Senate Considers D.C. Voting Rights Bill
Article audio sponsored by The John Birch Society

It’s no secret that the D.C. seat would be a Democratic one, and the Utah seat a Republican one, this move described by some as the carrot-on-the-stick method in order to garner Republican support for the bill. The bill has much Democratic support, while a similar bill saw support in the House in 2007, so expectations are that it will pass easily — unless elected representatives can be persuaded otherwise.

While still in the Senate, President Obama cosponsored this legislation, ensuring a quick signature should the bill arrive on his desk. The bill’s chief sponsor, Senator Joseph I. Lieberman (I-Conn.), told the packed chamber that D.C. citizens are “the only residents of a democratically ruled national capital in the world who have no say” in how their nation is governed. “It’s time to right this injustice.”

That was countered by opponent Senate Minority Whip Jon Kyl (R-Ariz.). According to the Constitution’s instructions the House Representatives are to be chosen by “the people of the several states,” said Kyl, noting that the District is not a state. The District does not need a representative, he contended. He also argued the goal of this amendment is “to expand the District’s share of federal spending,” further arguing that the District “already has representation in Congress — 100 senators and 435 House members.”

D.C. does have non-voting representation in the Senate and the House currently in the persons of Senator Paul Strauss, proud Obama delegate, and House Delegate Eleanor Holmes Norton. They have a voice, entering into debates, but minus voting privileges. Strauss sees this as a “politically biased exploitation of the district by a selfish right wing coalition who does not want the voices of DC residents to be empowered on an national level.” He framed a question on his website in the exact same way Lieberman did: “How can it be that the capitol city of the largest democracy in the world lacks representation for its own citizens?”

Treating the District of Columbia as a congressional district in our Republic is not in the Constitution. Besides the constitutional provision stating that members of the House shall be chosen by the people of “the several states,” there are other considerations as well such as how the federally created territory and its government is set up. Congress has exclusive legislation over D.C., and appropriates money directly to the D.C. government, including costs for security and other services, with the court system operating differently from other states, too.

Because of an incident on June 21, 1783, when Continental soldiers, demanding backpay, surrounded the Hall of Congress in Philadelphia complete with muskets aimed at the windows, Congress left that city, and decided it would be best to protect the integrity of their deliberations by establishing a separate territory in which to meet. The Virginia delegates said of the incident: “What pernicious instruments Congress might have been made in the hands of a Lawless band of Armed Desperado’s, and what fatal consequences might have ensued to the Union in General, had they [Congress] remained impotent and passive Spectators of the most outrageous Insult to the Government.”
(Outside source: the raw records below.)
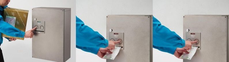 宅配やさんが荷物を入れて、伝票を差し込むと
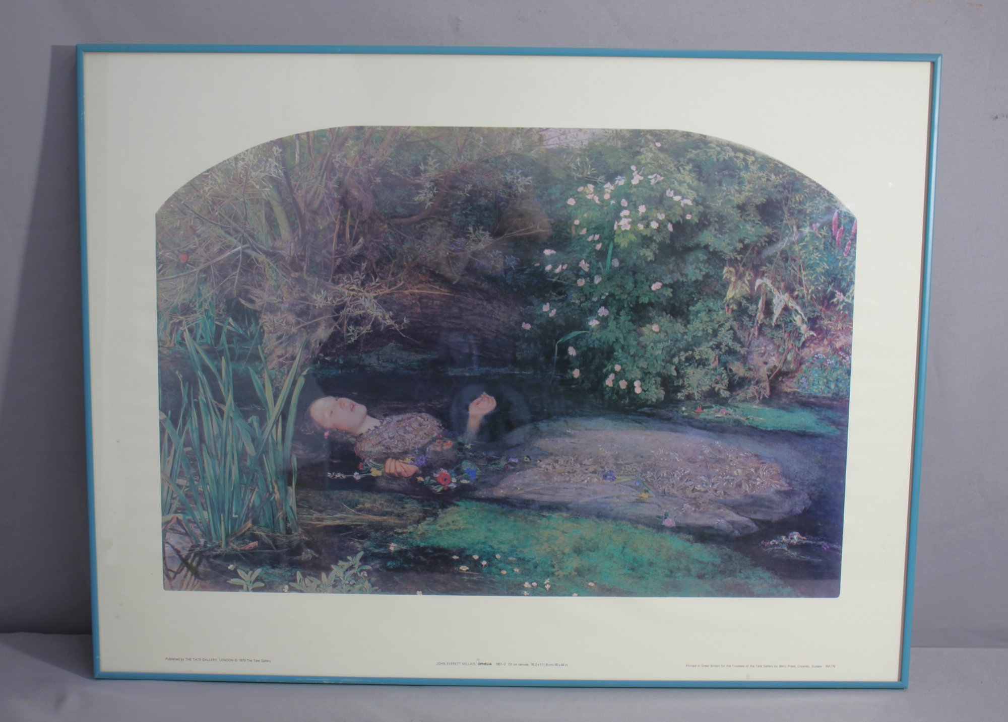 This iconic work, originally painted in 1851–1852, has been faithfully reproduced and published by the Tate Gallery in 1973. It captures the tragic beauty of Shakespeare's Ophelia, lost in her final moments amidst the natural splendor of a river setting.
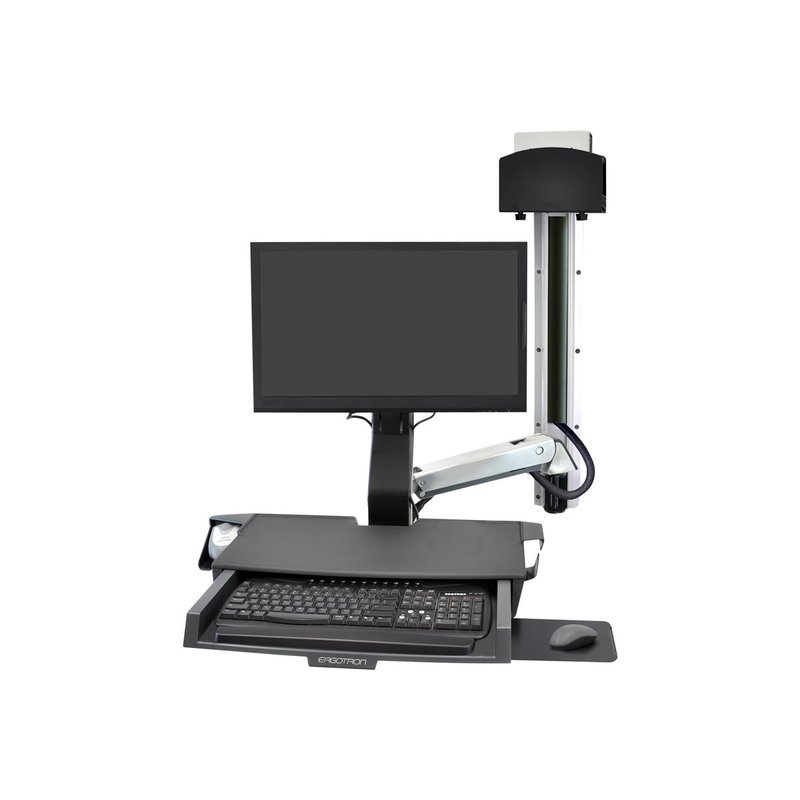 Ergotron StyleView Sit-Stand Combo System with Worksurface – Kit de montaje (asa, soporte para CPU, 2 fundas para pistas, 2 canales de cable, reposamuñecas, montaje de pantalla, bandeja de teclado, montaje de CPU en pared, bandeja corredera para ratón, so

In modern times the tools of the method to achieve agenda are a little different. As Congressman Ron Paul has stated, Washington D.C., “is a vast megalopolis, every nook and cranny stuffed with lobbyists, lawyers, and a hundred thousand species of tax-eater. The sleepy old boulevards of the 1920s are now shadowed between great glittering ziggurats of glass and marble, where millions of administrative assistants to the Department of Administrative Assistance toil away at sending memos to each other.”

It is indeed not a city in service to its citizens, but a fire-breathing freedom-gobbling leviathan committed to unchecked growth and expansion of the government that feeds it.

Expecting the bill might face some legal action because of its constitutional unsoundness, the sponsors have a built-in battle plan in the text of the bill:

If any action is brought to challenge the constitutionality of any provision of this Act or any amendment made by this Act, the following rules shall apply:

1. The action shall be filed in the United States District Court for the District of Columbia and shall be heard by a 3-judge court convened pursuant to section 2284 of title 28, United States Code.

2. A copy of the complaint shall be delivered promptly to the Clerk of the House of Representatives and the Secretary of the Senate.

3. A final decision in the action shall be reviewable only by appeal directly to the Supreme Court of the United States. Such appeal shall be taken by the filing of a notice of appeal within 10 days, and the filing of a jurisdictional statement within 30 days, of the entry of the final decision.

4. It shall be the duty of the United States District Court for the District of Columbia and the Supreme Court of the United States to advance on the docket and to expedite to the greatest possible extent the disposition of the action and appeal.

The newly proposed law must be rejected on constitutional grounds, with a negative vote by those who have sworn to uphold the Constitution being the only answer. If passed, it would certainly set the stage for the creation of two new Senate seats, heavily tipping the scales in favor of Democrats.